Kleenheat
- Company type: Division
- Industry: Energy
- Founded: 1956; 70 years ago
- Headquarters: Murdoch, Western Australia, Australia
- Parent: Wesfarmers
- Website: kleenheat.com.au

= Kleenheat Gas =

Australian gas producer, retailer and distributor

Kleenheat is an Australian gas producer, retailer and distributor based in Perth, Western Australia.

Kleenheat produces around 150,000 tonnes of liquefied petroleum gas (LPG) per year to service more than 240,000 customers nationally. The company also supplies liquefied natural gas (LNG) to the heavy-vehicle, power generation and industrial markets nationally through EVOL LNG.

==History==
Kleenheat Gas was established by Wesfarmers in 1956 under the leadership of then General Manager John Thomson, who raised the prospect of selling bottled gas with BP during a visit to London. He returned with an exclusive franchise agreement to supply LPG from BP's then-new Kwinana Oil Refinery.

In September 1956, Kleenheat Gas became the first company to distribute bottled LPG and gas appliances to regional Western Australia. Demand for the convenience of gas was so great that 1500 appliances were sold before the first gas bottles were available.

In 2013, Kleenheat Gas launched a natural gas retailing business, introducing retail competition in Western Australia for residential and small business customers from Geraldton to Busselton for the first time. Previously, the market had operated under a monopoly by American-owned Alinta Energy.

In April 2014, Kleenheat Gas reviewed its LPG operations and agreed to sell its LPG distribution business in Victoria, South Australia, Queensland, New South Wales, the Australian Capital Territory and Tasmania to Elgas Limited.
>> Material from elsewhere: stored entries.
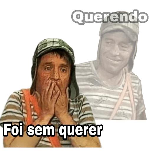 Um homem com camisa listrada e capuz aparece com as mãos na frente da boca, surpreso. Ele está em primeiro plano, enquanto uma versão esmaecida dele mesmo sorrindo aparece ao fundo. As frases 'Querendo' e 'Foi sem querer' aparecem na imagem.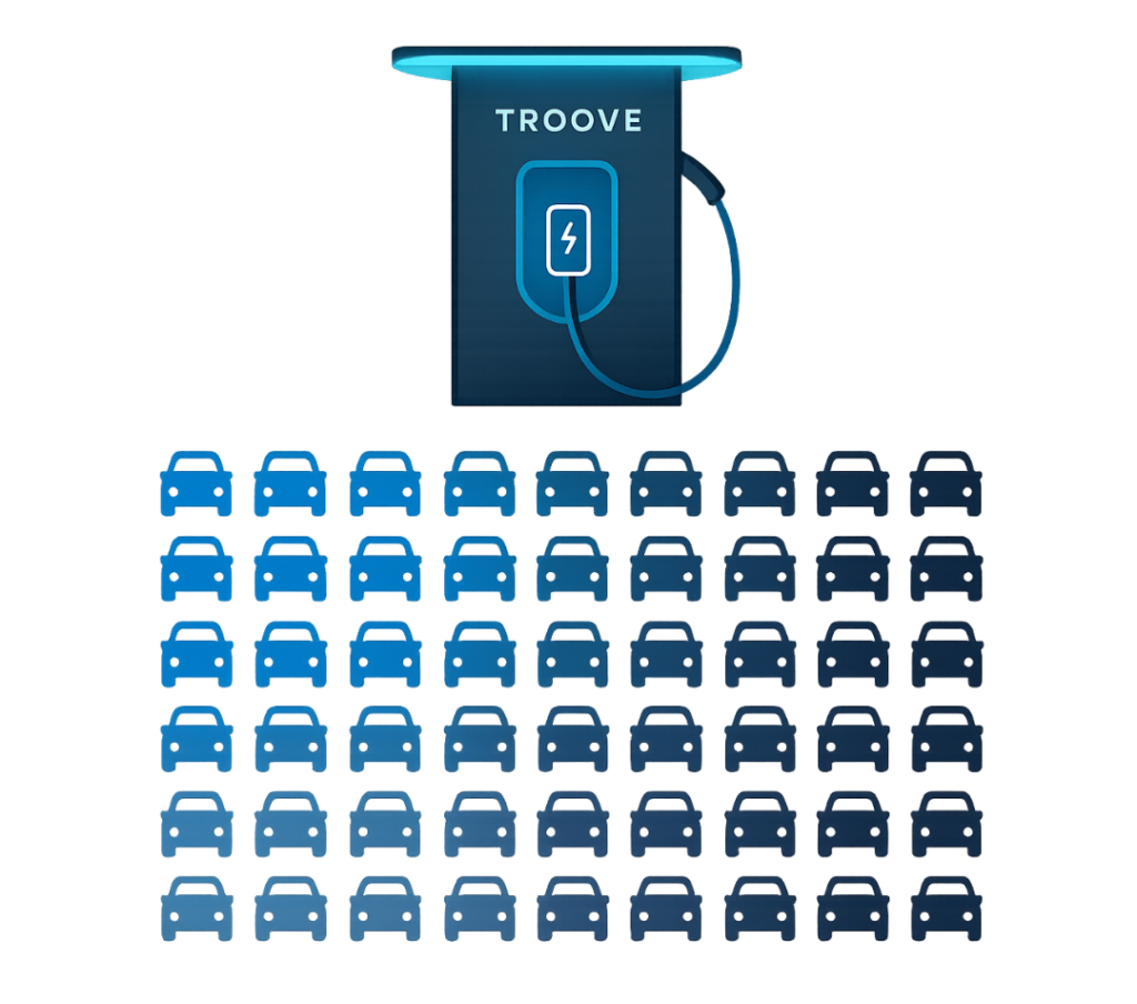 No projeto Troove 3T, a sua cota está distribuída em 10 carregadores instalados em diferentes pontos estratégicos, o que reduz o risco e aumenta a segurança do investimento. Mesmo que alguns operem em um cenário mais conservador, outros podem atingir alto volume de uso, equilibrando o desempenho e fortalecendo o retorno total da operação.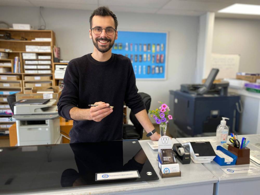 Skyler Moyer, 27, is the owner of Sky Paper. Formerly known as Pen and Paper, which opened its doors in 1989, Moyer took over the business this spring, and hosted a grand opening celebration on June 14 at Unit 6-935 McLeod Ave. While Moyer aims to maintain the spirit of the store going forward, providing copy and printing services, as well as stationery and office needs, he has a grander vision in mind, too.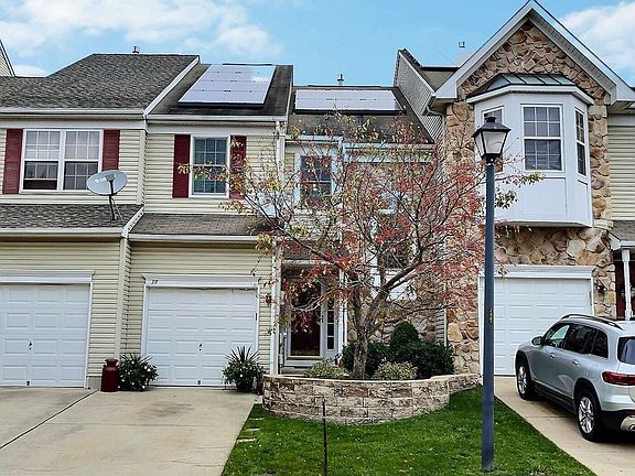 Gorgeous Jamison model townhouse located in the highly desired Clifton Mill community. Lower your carbon foot print with the included solar panel system. This beautiful home features 3 bedrooms, 2.5 bathrooms, a one car garage and a full finished basement. The townhome has been elegantly updated with a new custom kitchen, recessed lighting, and has neutral paint colors throughout. As you walk in, you enter into an inviting foyer with wood floors and cathedral ceilings. Then proceed to the spacious 9-ft ceiling first floor and a living room which has a beautifully accented gas fireplace and connects to a formal dining room. The kitchen boasts 42" designer cabinets, gorgeous counters and has upgraded stainless steel appliances. It also includes a breakfast area with access to a lovely fenced in patio. The second floor has three bedrooms and two full bathrooms. The master bedroom suite has vaulted ceilings and a large walk-in closet. The master bath is equipped with a double sink vanity, a Jacuzzi tub and a beautifully tiled stall shower. There is 2 additional generous size bedrooms on the second floor along with another full bath and a convenient 2nd floor laundry. Head downstairs and you will find a full finished basement. An attached garage rounds out this lovely home. The Clifton Mill community offers a swimming pool, tennis courts, and large green space for great outdoor activity fun. It also has plenty of additional convenient parking for guests. Convenient access to NJTPK, RT 295, RT 195, RT 130, River Line Rail and shopping centers. If you are looking for a home in a great, quiet neighborhood then this is the one for you! The location makes for an easy commute by car or train to many destinations including Philadelphia, NYC, Princeton and the Jersey Shore.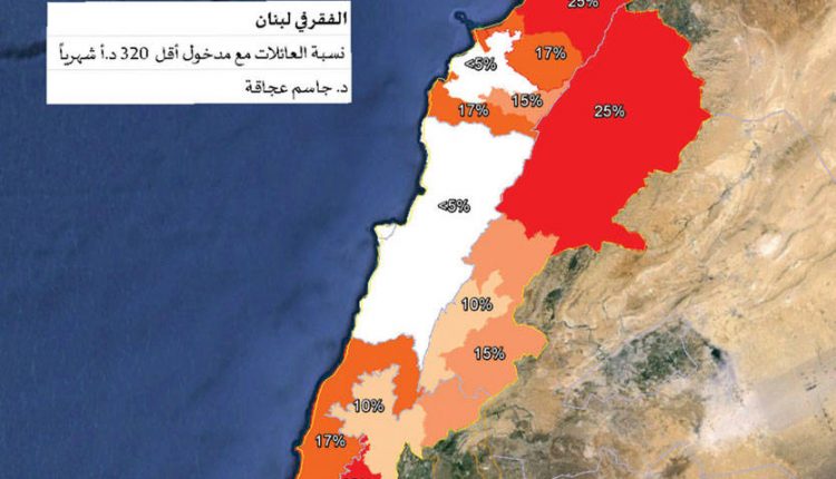 كما أنّ نسبة العائلات التي لها مدخول أقلّ من 320 د.أ شهرياً تتوزّع بين أقلّ من 5% (بيروت وجبل لبنان) إلى أكثر من 25% (عكار، الهرمل، وأقصى الجنوب).

The sale was completed in December 2014.

In May 2024, Kleenheat announced its intention to sell their LPG operations to Supagas, and their LNG operations (Evol) to Cefa.
The sale was completed on 2 December 2024.
The sale did not include the Natural Gas business, nor the Kwinana Production Facility.

==Products==
- Natural gas – Kleenheat supplies natural gas to around 150,000 customers in households and small businesses from Busselton to Geraldton.